Given the aforementioned findings, the importance of the effects of ultraviolet radiation on biological damage can be emphasized. In addition to the direct impact of ultraviolet radiation on biology and its damages, it is important to recognize the importance of the bystander effects in these radiations [ 28 ].

Certainly the following can be referred to substances or drugs that influence these processes. In some studies radiation protective effects and in some radiation sensitizers were proposed [ 29 ]. In the present study, by collecting and summarizing the existing data from previous research, some useful discussions about the bystander effect of ultraviolet radiation and what may lead to modification of this effect are presented.

Conclusion

In view of the above, a summary of the effects of UVR radiation and the influence of the presence of Ag NPs (silver nanoparticles) on the cellular environment was considered.

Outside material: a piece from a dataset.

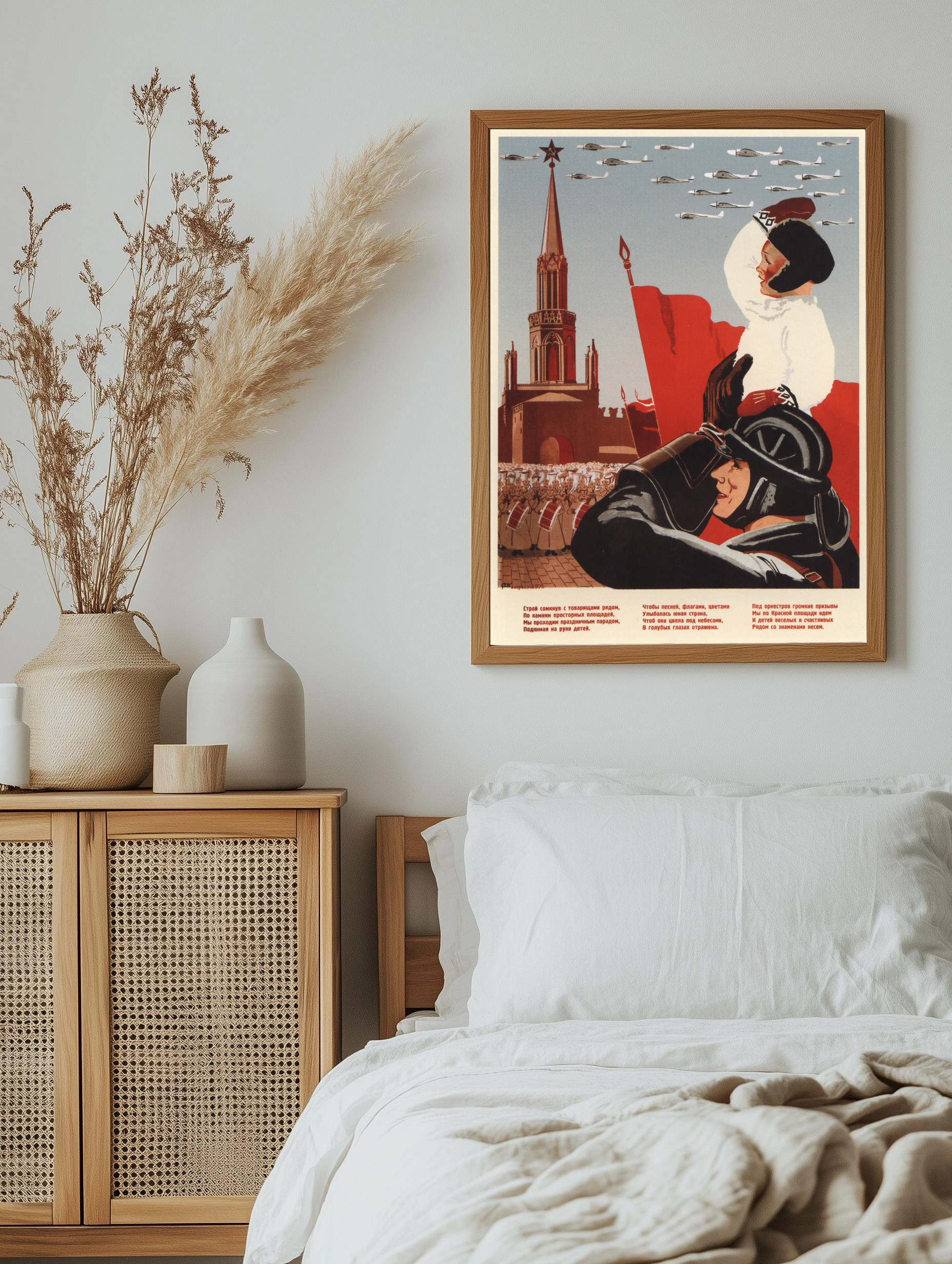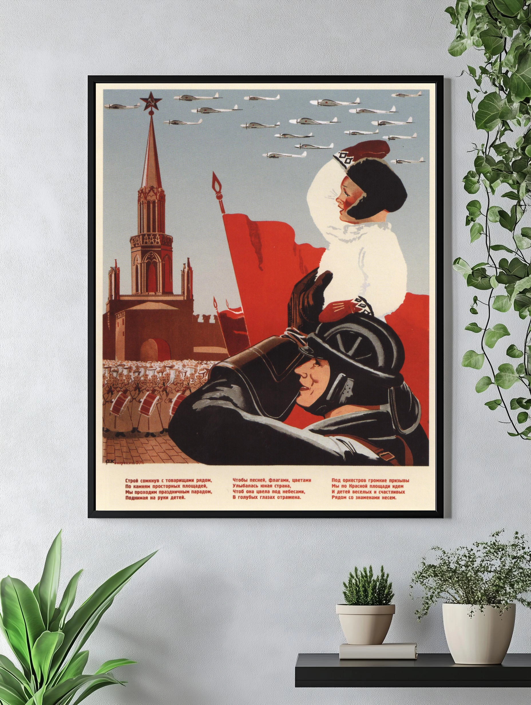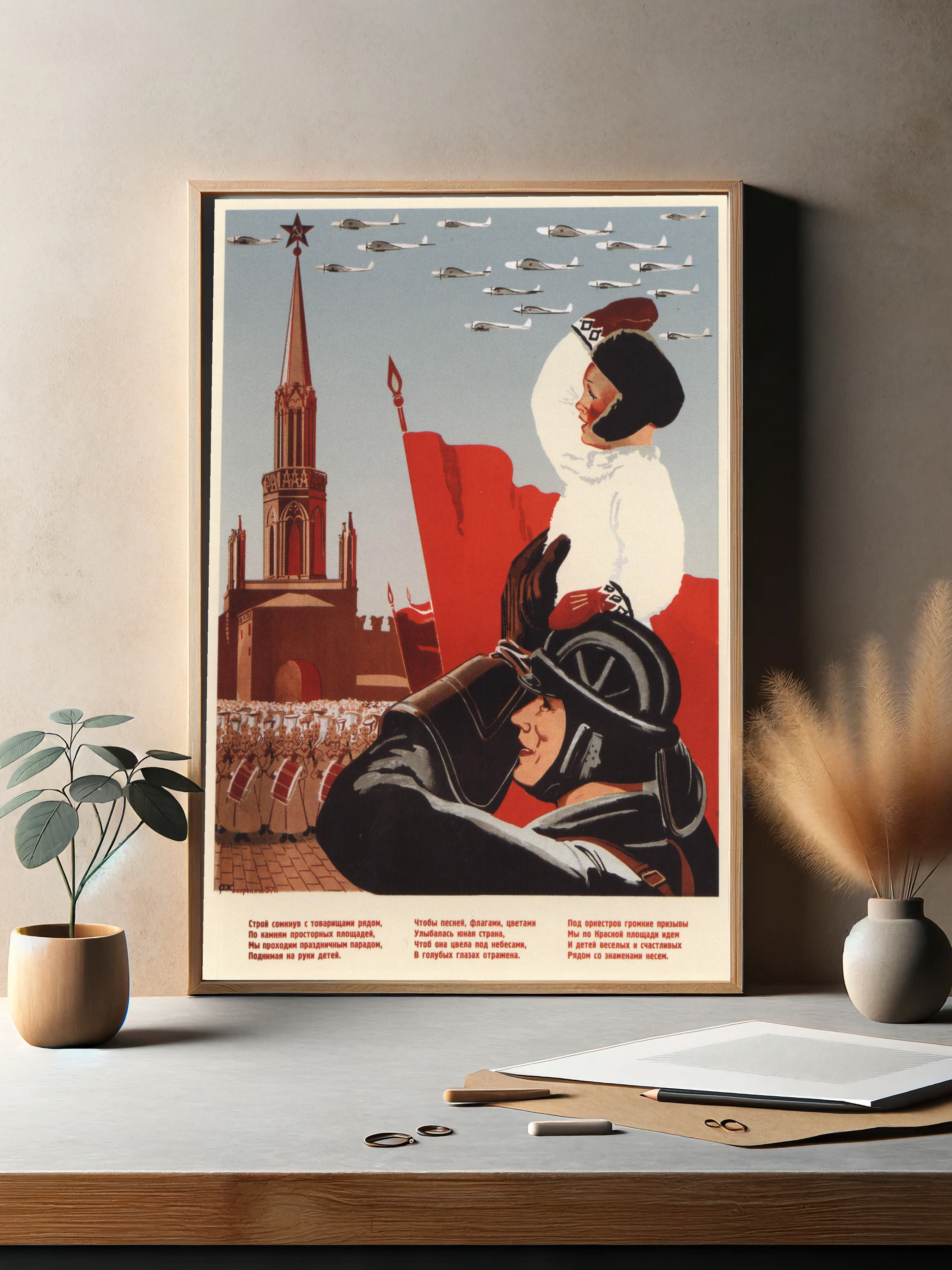 Яркая советская картина с изображением праздничного парада на Красной площади: ребенок и солдат в центре внимания, красные флаги, боевые самолеты в небе и знаменитая Спасская башня. Стиль ретро с акцентом на патриотизм и единство, декоративный настенный декор и интерьерное искусство для гостиной или офиса.
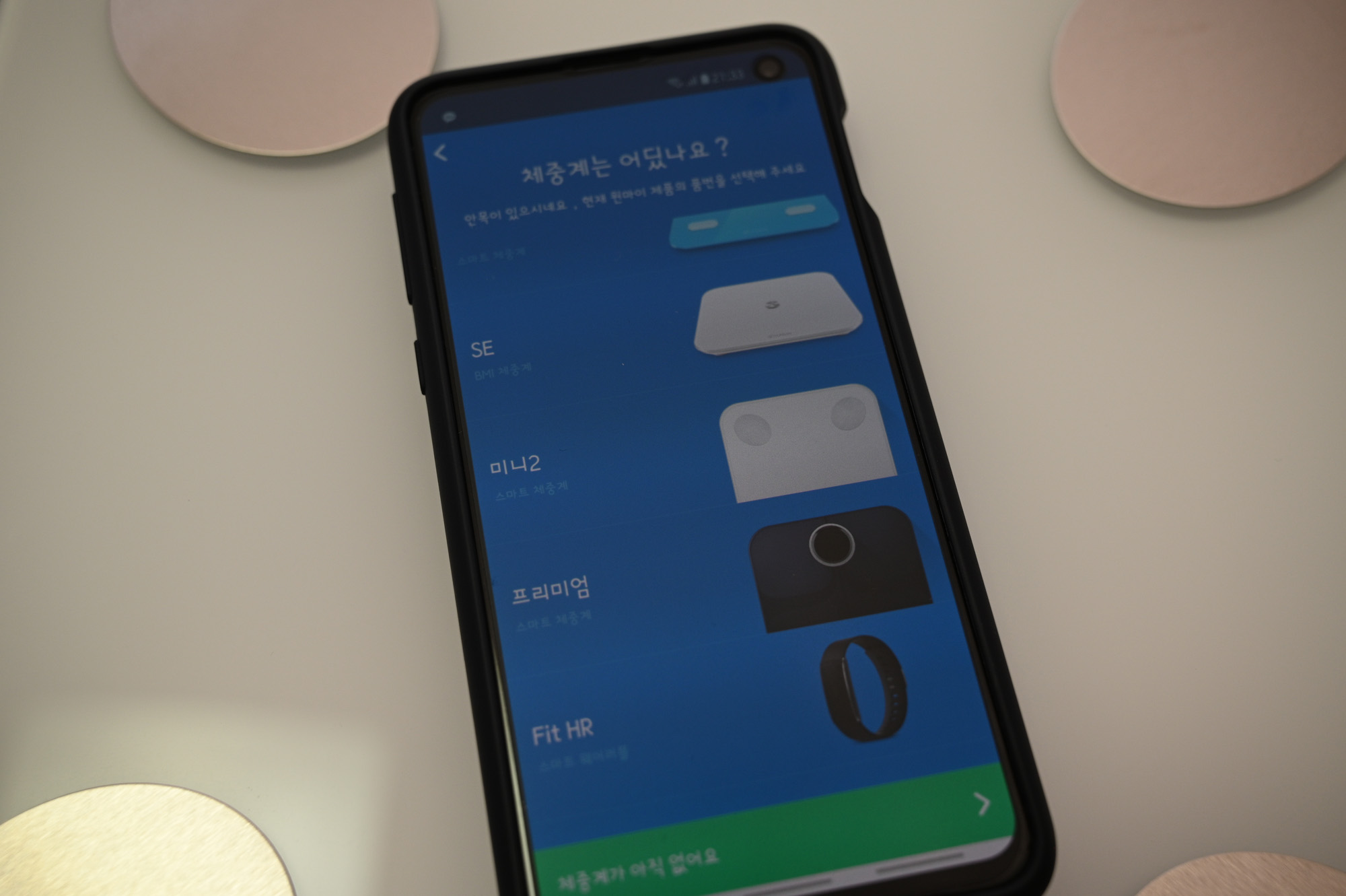 미니2를 선택하고 기다리니까 블루투스로 체중계를 찾았다고 나옵니다. 등록까지 끝냅니다.

Nowadays, the Ag NPs production and usage have increased widely. It is important that, in general, nano-sized particles are more toxic in comparison with micro-sized particles and concerns have increased in the usage of these particles. We must, therefore, identify the nanoparticles toxicity risks, for the safe and effective usage of them. Some researches demonstrate Ag NPs and UVR radiation synergistic effects on directly exposed cells, and it is likely that it also creates the synergistic effects in bystander cells. Melatonin moderating effects have been found against ionizing and non-ionizing radiation in many studies. Therefore, it seems necessary to consider this field further to provide more complete and useful results and examine the effects of other drugs.